According to records on file in the Suffolk County clerk’s office, a dozen contractors have filed liens in the last several months against the future sale of the property for unpaid work or materials. At least two of the individual liens are for upwards of half a million dollars.
The project, a three-story, 20-unit condominium building, has been dormant for more than a week after the village building department discovered that the construction permits on the project had expired in December 2008. The project’s construction manager said this week he expects work to be underway again soon, once the project’s architect and developers have completed the re-application process.
“We’re hoping to be back to work shortly,” said Mark D’Andrea, whose company, Jo-Ton-Newark Corp. of Manhattan, is overseeing the now nearly two-year-old construction project.
Mr. D’Andrea said that having large mechanics liens against a project of that size are not wholly uncommon, particularly considering that a stop work order is in effect until the building permits are renewed.
“Whenever the permit expires and it’s not immediately renewed, you will have contractors looking to secure their interests,” Mr. D’Andrea said. “On a building that is 90-percent complete, to have that small [a number] of liens is not an issue. The building is worth 15 times that much—$1.7 million wouldn’t even pay for the landscaping on this property.”
Mr. D’Andrea denied that any of the liens were filed as a result of contract disputes or non-payment of overdue invoices.
Contractors can file liens for unpaid labor, services or materials already supplied but not yet compensated for, giving them the right to recoup the money they are owed if the property is ever sold.

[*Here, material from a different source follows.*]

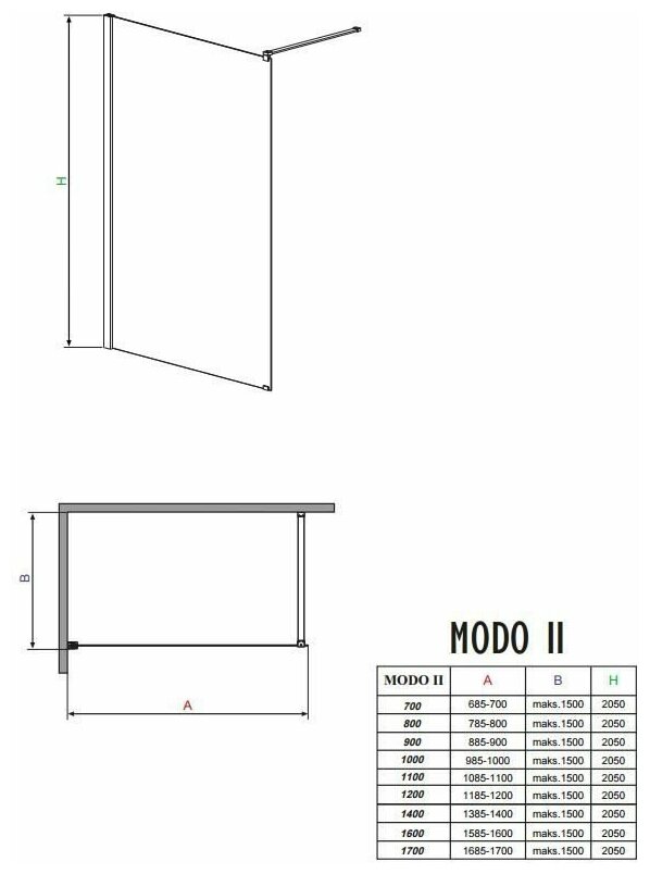 Душевая перегородка Walk-in (свободный вход) Radaway Modo New II 140 x 2000

Among the largest of the liens filed against the property is a $630,274 claim from B&G Electrical Contractors of North Amityville, approximately half of the $1.2 million contract for the electrical work on the building. Inter-County Mechanical Corp. a Bohemia heating and air conditioning company has also filed a lien for $510,241. All Systems Maintenance Inc. has filed a lien for $247,794. Other liens filed with the county included one by Southampton Brick and Tile for $94,000, $102,359 by Richmond County Stucco and Stone Contractors of Staten Island; and several other smaller liens ranging from $25,000 to $84,000.
Mr. D’Andrea said that while the building permit technically expired 11 months ago, two three-month extensions should have been in place until summer. Village officials said last week that they were going to look into how the permit on the property had been allowed to expire and go unrenewed for so long before work on the project was stopped.
The 21 West Water Street building is owned by East End Development, a limited liability company whose principals also owned East End Ventures, the company that has proposed a slightly smaller condo project on the waterfront at the foot of the Haerter Memorial Bridge. That project was killed by amendments to the village’s zoning code adopted last spring that drastically reduced the potential development on the property and prompted two lawsuits against the village by the developers. The suits allege that the code was improperly adopted and that village officials personally conspired to derail the One Ferry Road project.
Unlike the One Ferry Road proposal, the project at 21 West Water Street was roundly supported by village residents and elected officials when it was proposed three years ago because it would mean the end of a problematic restaurant and nightclub that had occupied the property, on the edge of a residential area.